Del Toro’s work is characterised by a strong connection to fairy tales and horror, with an effort to infuse visual or poetic beauty.  He has a lifelong fascination with monsters, which he considers symbols of great power.[3] Del Toro is known for his use of insectile and religious imagery, the themes of Catholicism and celebrating imperfection, underworld and clockwork motifs, practical special effects, dominant amber lighting, and his frequent collaborations with actors Ron Perlman and Doug Jones. He is also friends with fellow Mexican directors Alfonso Cuarón and Alejandro González Iñárritu, collectively known as “The Three Amigos of Cinema”.

When del Toro was about eight years old, he began experimenting with his father’s Super 8 camera, making short films with Planet of the Apes toys and other objects. One short focused on a "serial killer potato” with ambitions of world domination; it murdered del Toro’s mother and brothers before stepping outside and being crushed by a car. Del Toro made about 10 short films before his first feature, including one titled Matilde, but only the last two, Doña Lupe and Geometria, have been made available. He also wrote four and directed five episodes of the cult series La Hora Marcada, along with other Mexican filmmakers such as Emmanuel Lubezki and Alfonso Cuarón.
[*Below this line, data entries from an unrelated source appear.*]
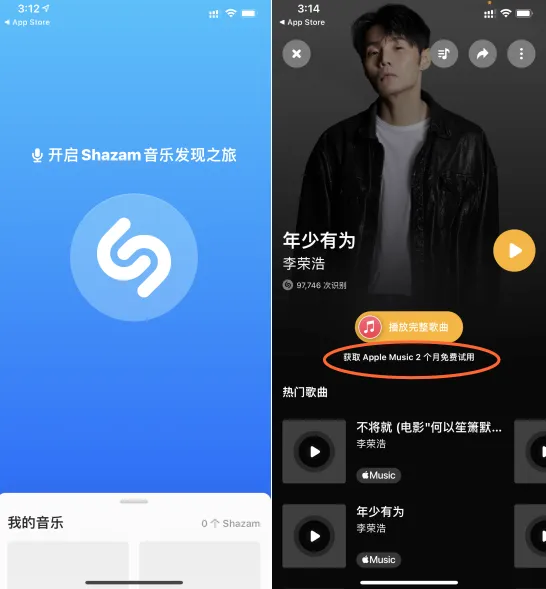 在App Store搜索安装好这款软件后打开,然后听歌识曲一次,在识别结果下面就能看到「获取Apple Music 2个月免费试用的选项」。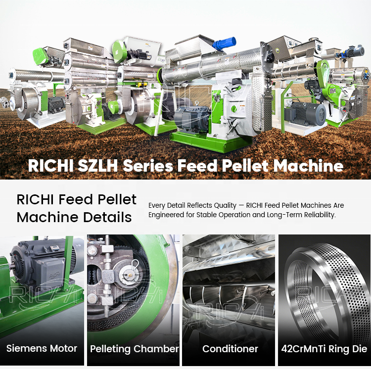 RICHI Moulin à granulés d'aliments pour bétail de 2 tonnes par heure - Certification CE Machine de fabrication d'aliments pour animaux, bétail et porcs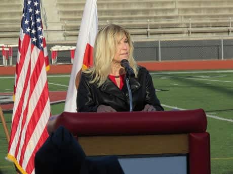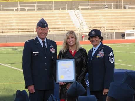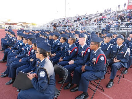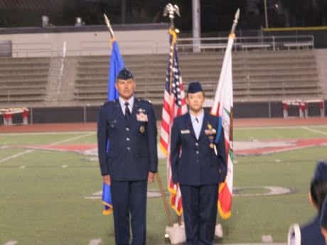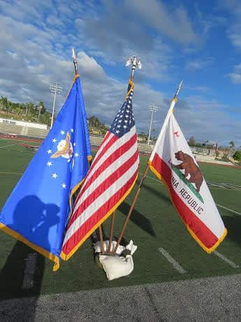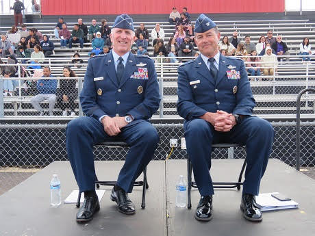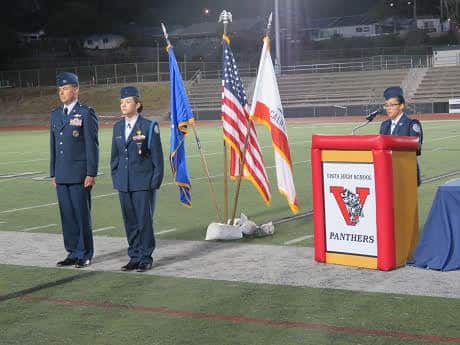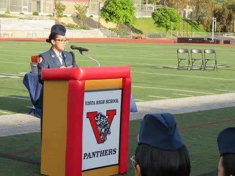 A VIP reception was held just prior to the start of the Friday program. The reception included meeting the Colonel and the special keynote speaker for the evening, Major General (Ret. U.S. Air Force) Scott Vander Hamm. A light meal of pulled pork, specially prepared by the Colonel, with cole slaw, prepared by the cadets, was offered before heading out to the Dick Haines Stadium. As people entered the stadium, they were entertained by the sounds of the String Ensemble made up of Vista students from various schools, covering grades 3-12 who meet at The Leadership Academy and perform for various functions. The annual ceremony began with Master of Ceremonies Cadet Staff Sergeant Jade Marin welcoming those in attendance and introducing several distinguished guests, including Vista Unified School District Superintendent Dr. Matthew Doyle, Vista High School Principal Megan Ratliff, Vista High School Assistant Principal Paul Zendejas, District 74 Assemblywoman Laurie Davies, Vista Councilmember Jeff Fox, former Vista Councilmember Amanda Rigby and several presenters from different organizations. Cadet Flight Commander and 2nd Lt. Kelly Dominguez led the Cadets and the audience in an invocation. Assemblywoman Laurie Davies read and gave a proclamation to Colonel Lostetter honoring the program and the Cadets of Vista High School.

Del Toro studied special effects and make-up with special-effects artist Dick Smith. He spent 10 years as a special-effects make-up designer and formed his own company, Necropia. He also co-founded the Guadalajara International Film Festival. Later in his directing career, he formed his own production company, the Tequila Gang.

In 1997, at the age of 33, Guillermo was given a $30 million budget from Miramax Films to shoot another film, Mimic. During this time, his father, automotive entrepreneur Federico del Toro, was kidnapped in Guadalajara. Del Toro’s family had to pay twice the amount originally asked. The event prompted del Toro, his parents, and his siblings to move abroad. In an interview with Time magazine, he said this about the kidnapping of his father: “Every day, every week, something happens that reminds me that I am an involuntary exile [from my country]
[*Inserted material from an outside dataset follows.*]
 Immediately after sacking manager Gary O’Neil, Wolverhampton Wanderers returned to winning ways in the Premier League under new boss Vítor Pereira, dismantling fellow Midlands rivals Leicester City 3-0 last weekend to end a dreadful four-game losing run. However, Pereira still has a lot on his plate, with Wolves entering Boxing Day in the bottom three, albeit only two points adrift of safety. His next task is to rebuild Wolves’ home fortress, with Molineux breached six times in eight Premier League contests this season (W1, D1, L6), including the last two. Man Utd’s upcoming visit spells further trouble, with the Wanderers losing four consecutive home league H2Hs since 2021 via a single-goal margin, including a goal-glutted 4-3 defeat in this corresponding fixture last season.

Del Toro has directed a wide variety of films, from comic book adaptations (Blade II, Hellboy) to historical fantasy and horror films, two of which are set in Spain in the context of the Spanish Civil War under the authoritarian rule of Francisco Franco. These two films, The Devil’s Backbone and Pan’s Labyrinth, are among his most critically acclaimed works. They share similar settings, protagonists and themes with the 1973 Spanish film The Spirit of the Beehive, widely considered to be the finest Spanish film of the 1970s.

Del Toro views the horror genre as inherently political, explaining, "Much like fairy tales, there are two facets of horror. One is pro-institution, which is the most reprehensible type of fairy tale: Don’t wander into the woods, and always obey your parents. The other type of fairy tale is completely anarchic and antiestablishment.”
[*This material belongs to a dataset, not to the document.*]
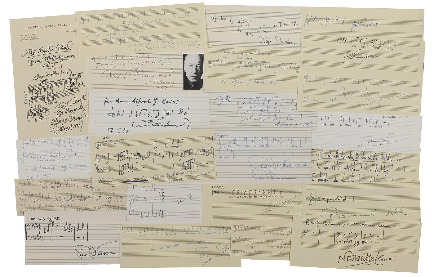 Collection of 80 AMQSs from some of the great singers, conductors, composers, and instrumentalists of the 20th century. Composers are: Paul Creston, George Crumb (”Makrokosmos: The Mystic Chord”), David Diamond (2: openings of “Symphony No. 4” and “Symphony No. 5”), Ross Lee Finney, Carlisle Floyd, Lukas Foss (2), Hans Werner Henze, Lee Hoiby, Otto Luening, Nikolai Lopatnikoff, Thea Musgrave, Krzysztof Penderecki, Joseph Schwantner, Robert Stolz (”Zwei Herzenn im 3/4 Takt”); Conductors are: Semyon Bychkov, Richard Bonygne, Jesus Lopez Cobos, Sergiu Commissiona, Christoph von Dohnanyi, Charles Dutoit, Boris Goldovsky, Raymond Harvey, Erich Leinsdorf (Beethoven’s ‘String Quartet, Op. 59, No. 1’), Loren Maazel, Charles Mackerras, Kurt Mazur, Julius Rudel, Gerhard Schwarz, Leonard Slatkin; Instrumentalists are Paul Badura-Skoda, Yo Yo Ma (2), Yehudi Menuhin (Beethoven’s ‘Violin Concerto’), Issac Stern; Singers are: Licia Albanese (2), Francisco Araizo, Rose Bampton, Kathleen Battle, Teresa Berganza, Carlo Bergonzi, Lili Chookasian, Regine Crespin, Jose van Dam, Helga Dernesch, Dietrich Fisher Dieskau (2: including Wagner’s ‘Die Meistersinger von Nurnberg’) Ghena Dimitrova, Mirella Freni, Susan Graham, Haken Hagegard, Marilyn Horne, Hans Hotter, Siegfried Jerusalem, Dorothy Kirsten (Charpentier’s ‘Louise’), Gary Lakes, Christa Ludwig, Johanna Meier, Robert Merrill, Zinka Milanova, Sherrill Milnes, James Morris, Birgit Nilsson (Wagner’s ‘Tristan und Isolde’), Jarmila Novotna, Magda Olivero, Ruggero Raimondi, Samuel Ramey, Nicola Rossi-Lemeni, Beverly Sills, Martial Singher, Frederica Von Stade, Rise Stevens, Joan Sutherland (Donizetti’s ‘Lucia de Lammermoor), Italo Tajo, Gabriella Tucci, Eva Turner (Puccini’s ‘Turandot’), Carol Vaness, Ljuba Welitsch, and Dolora Zajick. In overall fine condition. An impressive and well-represented collection.

He is close friends with two other prominent and critically praised Mexican filmmakers Alfonso Cuarón and Alejandro González Iñárritu.[15] The three often influence each other’s directorial decisions, and have been interviewed together by Charlie Rose. Cuarón was one of the producers of Pan’s Labyrinth, while Iñárritu assisted in editing the film.

Del Toro has also contributed to the web series Trailers From Hell.

In April 2008, del Toro was hired by Peter Jackson to direct the live-action film adaptation of J. R. R. Tolkien’s The Hobbit. On May 30, 2010, del Toro left the project due to extend delays brought on by MGM’s financial troubles. Although he did not direct the films, he is credited as co-writer in An Unexpected Journey, The Desolation of Smaug and The Battle of the Five Armies.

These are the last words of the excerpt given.